In de Afrikaanse landen zijn de acties tegen AIDS die gebaseerd zijn op de promotie van het condoom in het algemeen niet doeltreffend, gedeeltelijk omdat voor een Afrikaanse man de mannelijkheid wordt uitgedrukt door het feit het grootst mogelijk aantal kinderen te hebben. Voor hem wijzigt het condoom seks in een activiteit die geen zin heeft. Het is de reden waarom — en dat is een gewichtig argument ten voordele van de uitspraak van de paus — het in Uganda ingevoerd programma een der zeldzame is die doeltreffend waren. Zelfs als dit het gebruik van het condoom niet uitsluit, moedigt het een positieve verandering van het seksueel gedrag aan (trouw en onthouding), in tegenstelling tot de campagnes die op het condoom steunen, die ertoe bijdragen de betekenis van de menselijke liefde te verduisteren en zelfs te vernietigen.

 

De acties die onthouding en trouw promoten zijn beslist het enige middel om AIDS op lange termijn doelmatig te bestrijden.
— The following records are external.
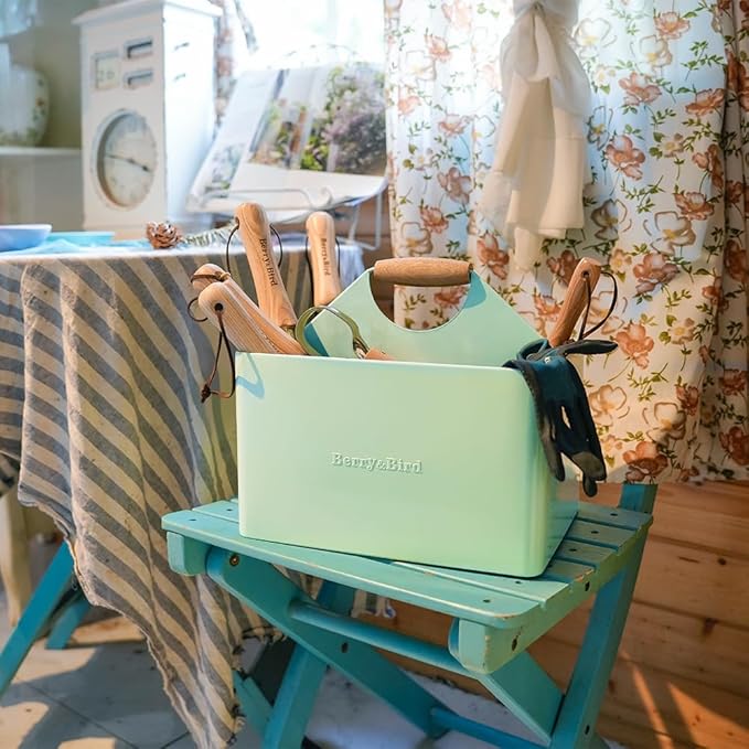 - Sturdy Construction- The Berry&Bird garden tool storage is crafted from premium rust-resistant metal, ensuring durability and no color fading. The unique green color scheme, adds a charming and nature-inspired touch to this garden tool basket, making it a delightful accent piece for any setting. This garden caddy provides a sturdy and long-lasting solution for organizing your gardening supplies with ease.
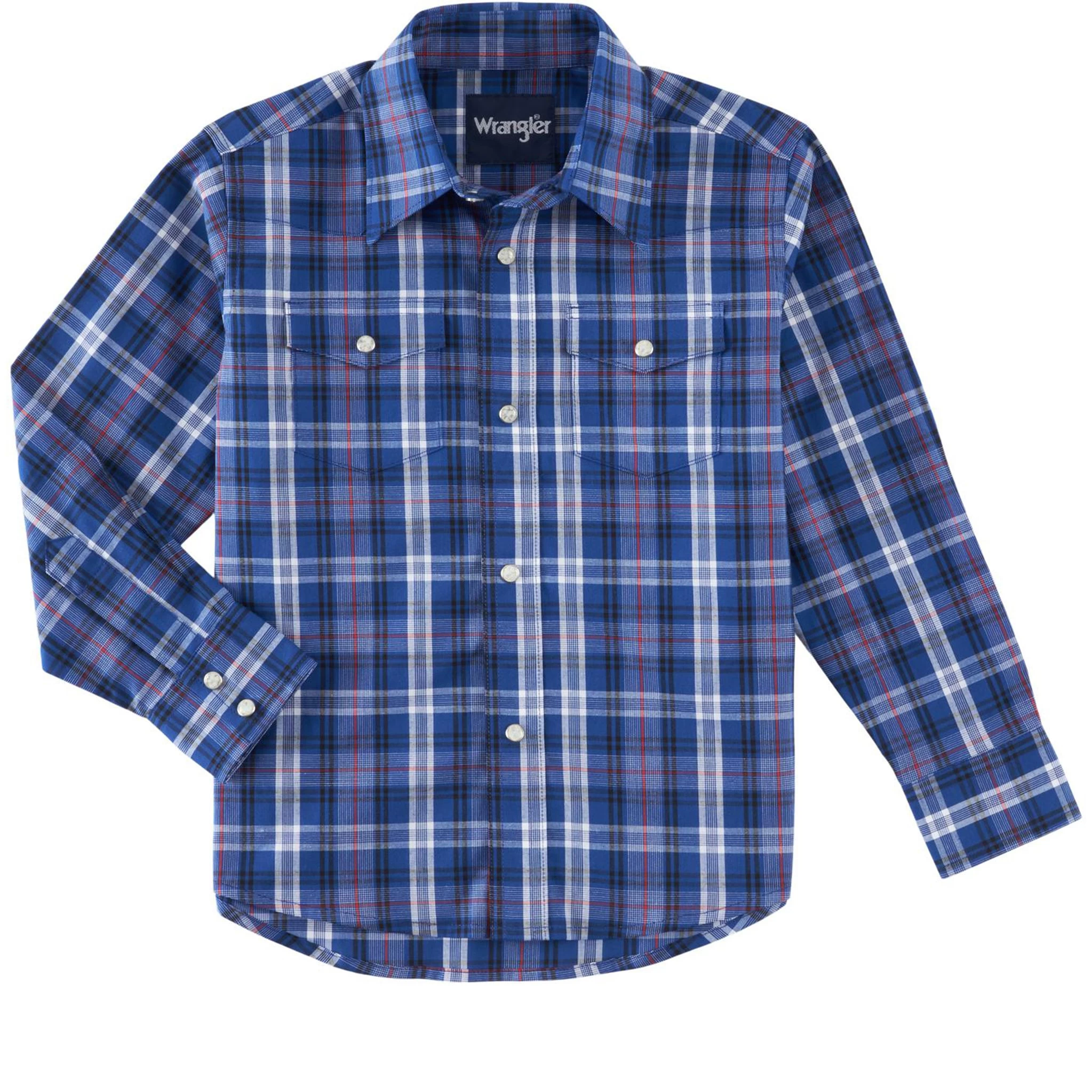 Your cowboy will look his best in this blue plaid pearl snap western shirt.Â
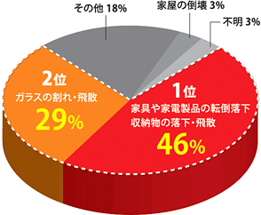 食器棚などは扉が開いて中の食器類が散乱し、テレビや電子レンジが飛んでくるといった現象も報告されています。物が直接身体に及ぼすケガに加えて、室内が散乱状態のために避難が遅れてしまうといった2次災害も含めると家具がかかわるケガの割合は全体の約75%を占めます。
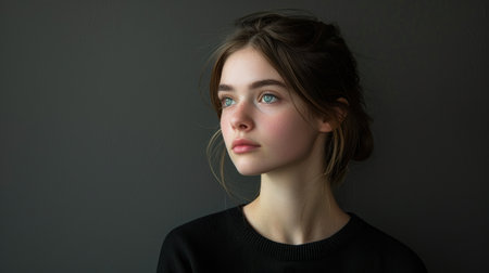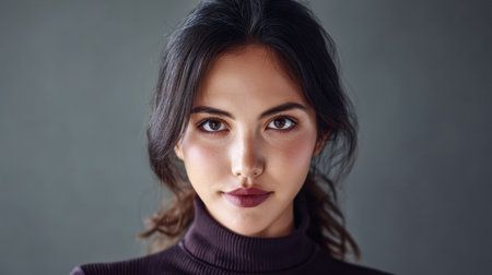 A young woman with long dark hair poses confidently. She is wearing a dark turtleneck sweater. The soft gray background creates a calm atmosphere that highlights her features.
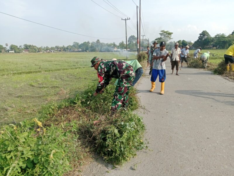 Peduli Lingkungan, TNI dan Warga Laikang Gotong Royong Bersihkan Jalan Desa Punaga
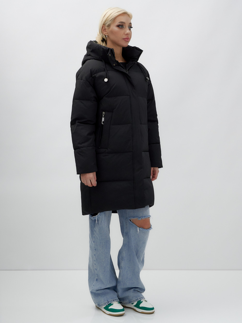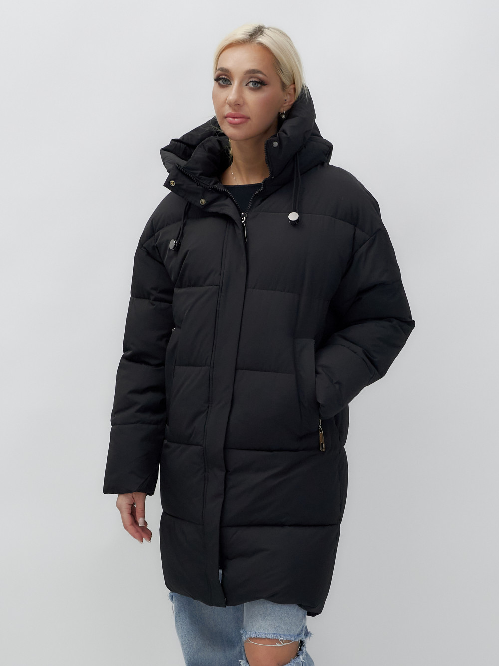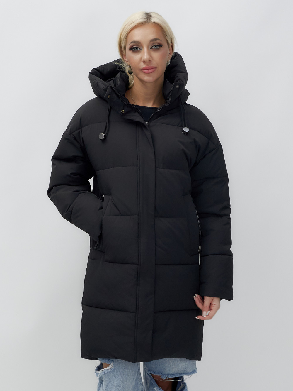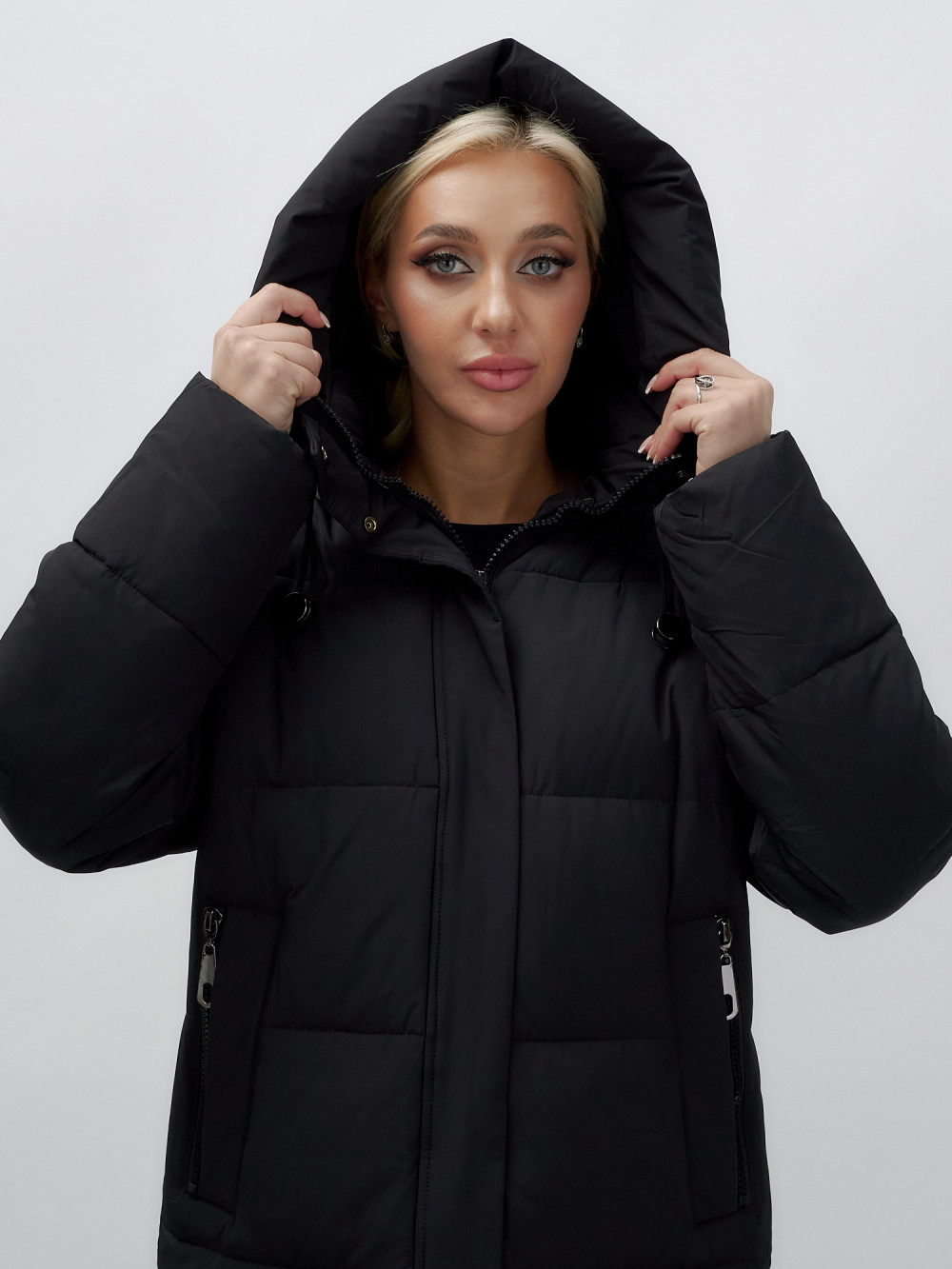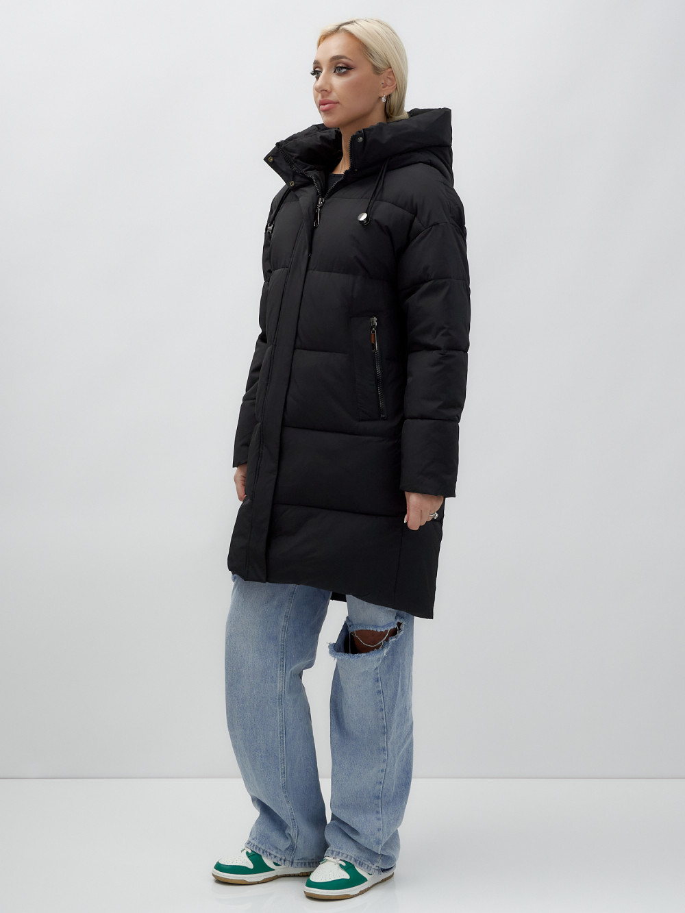 Куртка зимняя женская с капюшоном удлиненная стеганная черного цвета 9638Ch
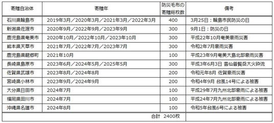 青山商事株式会社(本社:広島県福山市/代表取締役社長:遠藤 泰三)は、大分県日田市へ「防災毛布(災害支援用リサイクル毛布)」100枚を寄贈いたします。これに伴い、7月9日(水)に日田市役所にて贈呈式を開催します。当社は2018年より、お客様から回収した不要衣類の一部をリサイクルし、防災毛布を作製しています。2019年から自治体の災害対策を支援する取組を開始し、これまでに国内で計11箇所・総数2400枚を寄贈しており、日田市へは2024年7月に続き2度目の寄贈となります。
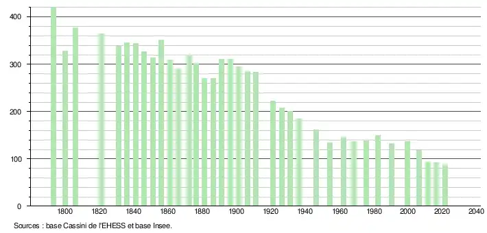 L'évolution du nombre d'habitants est connue à travers les recensements de la population effectués dans la commune depuis 1793. Pour les communes de moins de 10 000 habitants, une enquête de recensement portant sur toute la population est réalisée tous les cinq ans, les populations légales des années intermédiaires étant quant à elles estimées par interpolation ou extrapolation[16]. Pour la commune, le premier recensement exhaustif entrant dans le cadre du nouveau dispositif a été réalisé en 2006[17].
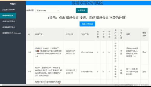 情感分析:利用自然语言处理技术,对文本数据进行情感倾向分析。
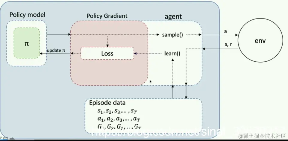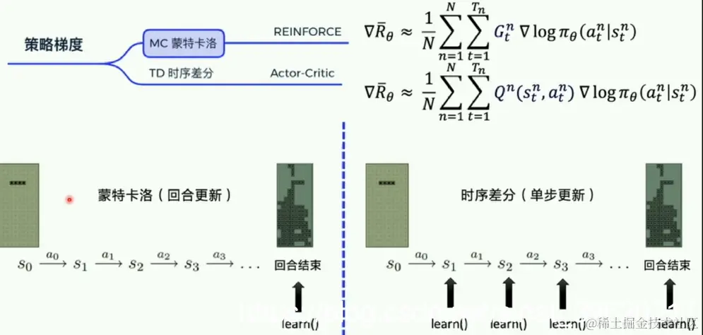 拿到一条轨迹,在进行learn,可以得到每个轨迹的reward进行求解期望,未来总收益-------回合更新
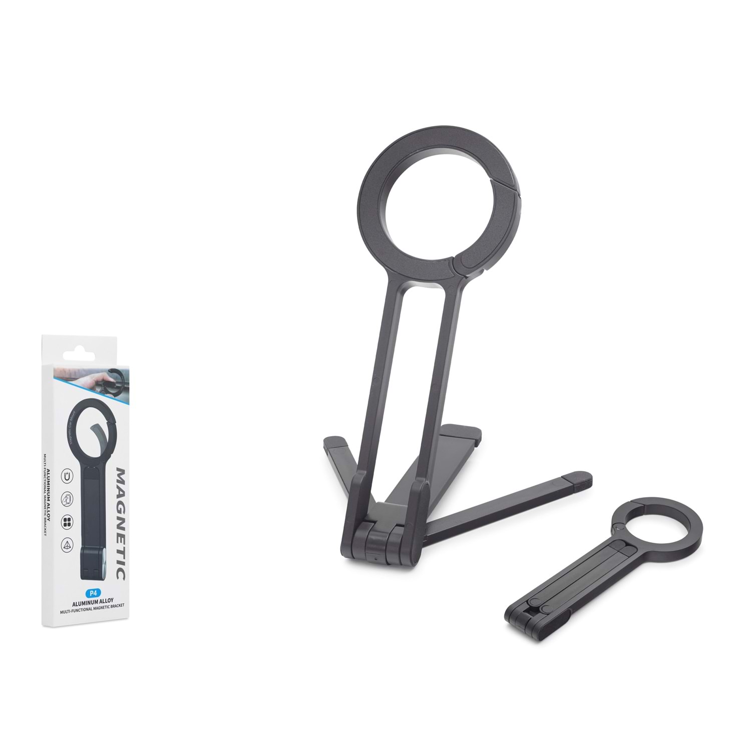 NODAR ND8029 manyetik masaüstü telefon standı, mobil cihazların masa üzerinde sabit ve ayarlanabilir açı ile kullanılmasını sağlayan katlanabilir masaüstü stand aparatıdır. Manyetik tutucu yapısı sayesinde cihaz sabit şekilde stand üzerinde tutulur.
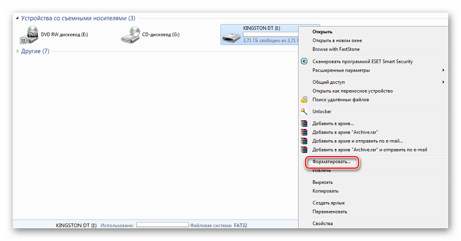 Для начала ее нужно отформатировать. Легче всего сделать это вот так:
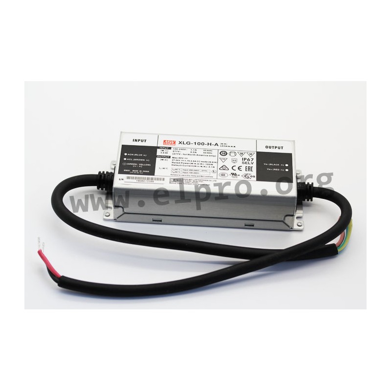 LED drivers in a metal housing (IP67) with a constant current / constant voltage (mixed mode), 100W and a universal input. These devices are protected against overload (auto recovery), overcurrent, overtemperature, overvoltage as well as short circuit and comply with EN61347-1, EN61347-2-13, EN62384, EN55015, EN61000-3-2 class C, EN61000-3-3, EN61547 as well as a 6kV surge immunity level. They have a built-in active PFC function and are suitable for LED lighting applications. We offer the non-dimmable types XLG-100-12-A and XLG-100-24-A, the power power supplies XLG-100-L-A and XLG-100-H-A with a constant power as well as the LED drivers XLG-100-L-AB and XLG-100-H-AB with a constant power and a 3 in 1 dimming function (0 to 10V DC, 10V PWM, potentiometer).

Er is dus geen reden opdat de Kerk de promotiecampagnes voor het condoom nuttig zou vinden voor de toekomst van de menselijke maatschappij. Maar de Kerk mag ook niet leren dat de personen die een immorele levensstijl hebben, het gebruik van het condoom zouden moeten achterwege laten.

 

Martin Rhonheimer is priester, doctor in de Filosofie, professor Ethiek en Politieke Filosofie. Dit artikel werd gepubliceerd in The Tablet op 10 juli 2004, onder de titel « The Truth about Condoms » (cf. http://www.thetablet.co.uk/article/2284 Deze tekst werd vanuit het Frans vertaald door Walter Van Goethem. De ondertitels zijn van onze redactie.


[1] Omtrent de definitie van contraceptie, cf. ook Humanae Vitae, veertig jaar later(noot van de redactie).